■ WHAT IS REQUIRED: The pictures in the listing below are to be skipped, while the lines between the line holding "Het adres is" and the line holding "Pull-Back Men's Shoes, Martin", inclusive, are to be output exactly.

■ RECORDS SUPPLIED:
>>>

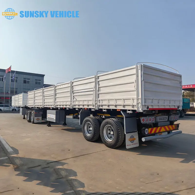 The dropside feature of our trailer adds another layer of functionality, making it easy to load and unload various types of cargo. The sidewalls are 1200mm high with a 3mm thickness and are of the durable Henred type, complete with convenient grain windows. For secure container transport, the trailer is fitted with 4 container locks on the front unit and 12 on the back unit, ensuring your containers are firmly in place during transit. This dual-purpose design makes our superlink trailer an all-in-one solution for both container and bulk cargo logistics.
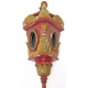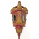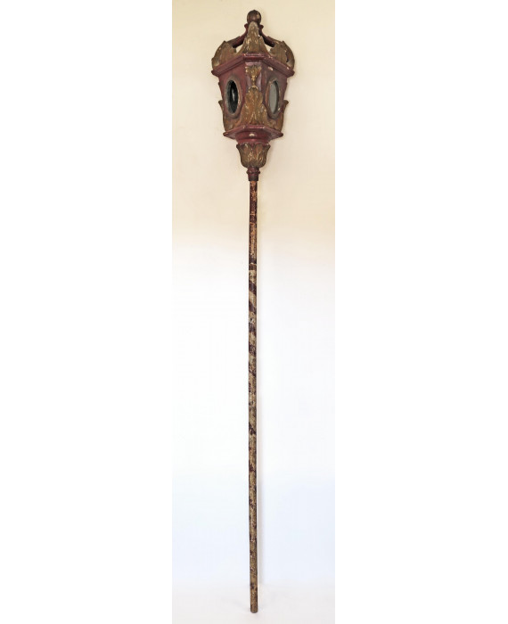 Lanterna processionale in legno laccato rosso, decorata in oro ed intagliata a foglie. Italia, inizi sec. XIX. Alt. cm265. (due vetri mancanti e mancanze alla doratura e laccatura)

<<<
>>>

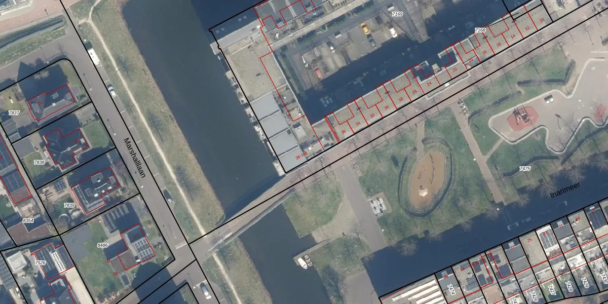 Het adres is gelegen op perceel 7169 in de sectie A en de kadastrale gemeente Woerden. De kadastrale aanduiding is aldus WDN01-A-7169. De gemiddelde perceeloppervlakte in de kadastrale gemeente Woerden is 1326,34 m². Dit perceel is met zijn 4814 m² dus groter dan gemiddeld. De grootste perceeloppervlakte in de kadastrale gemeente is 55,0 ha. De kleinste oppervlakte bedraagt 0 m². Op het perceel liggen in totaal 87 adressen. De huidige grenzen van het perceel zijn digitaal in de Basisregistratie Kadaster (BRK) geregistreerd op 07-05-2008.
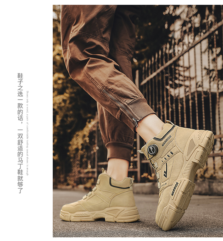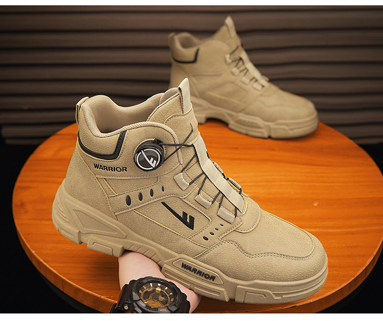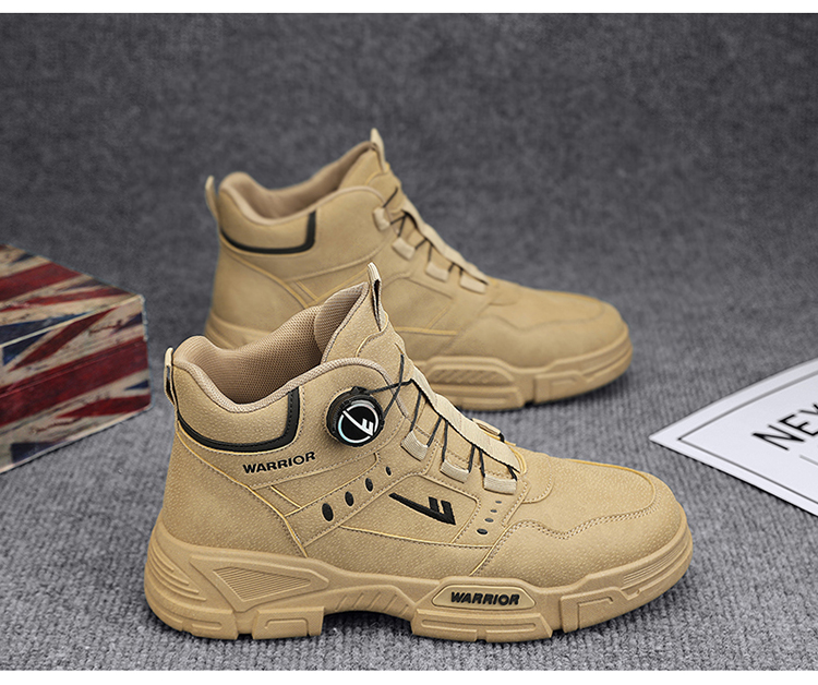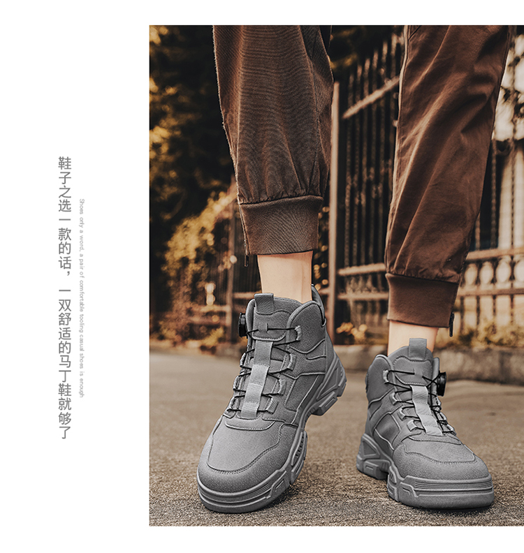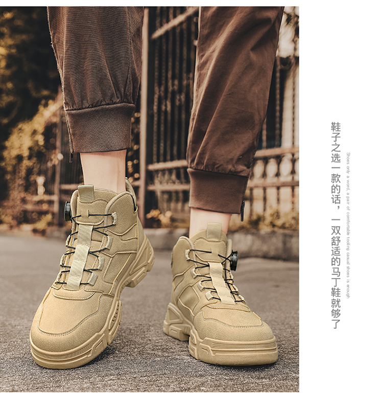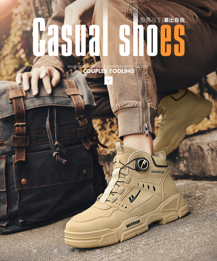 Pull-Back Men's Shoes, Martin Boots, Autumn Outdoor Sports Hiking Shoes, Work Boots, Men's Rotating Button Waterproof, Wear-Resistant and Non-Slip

<<<

■ REPLY TO THE EXERCISE:
 Het adres is gelegen op perceel 7169 in de sectie A en de kadastrale gemeente Woerden. De kadastrale aanduiding is aldus WDN01-A-7169. De gemiddelde perceeloppervlakte in de kadastrale gemeente Woerden is 1326,34 m². Dit perceel is met zijn 4814 m² dus groter dan gemiddeld. De grootste perceeloppervlakte in de kadastrale gemeente is 55,0 ha. De kleinste oppervlakte bedraagt 0 m². Op het perceel liggen in totaal 87 adressen. De huidige grenzen van het perceel zijn digitaal in de Basisregistratie Kadaster (BRK) geregistreerd op 07-05-2008.
 Pull-Back Men's Shoes, Martin Boots, Autumn Outdoor Sports Hiking Shoes, Work Boots, Men's Rotating Button Waterproof, Wear-Resistant and Non-Slip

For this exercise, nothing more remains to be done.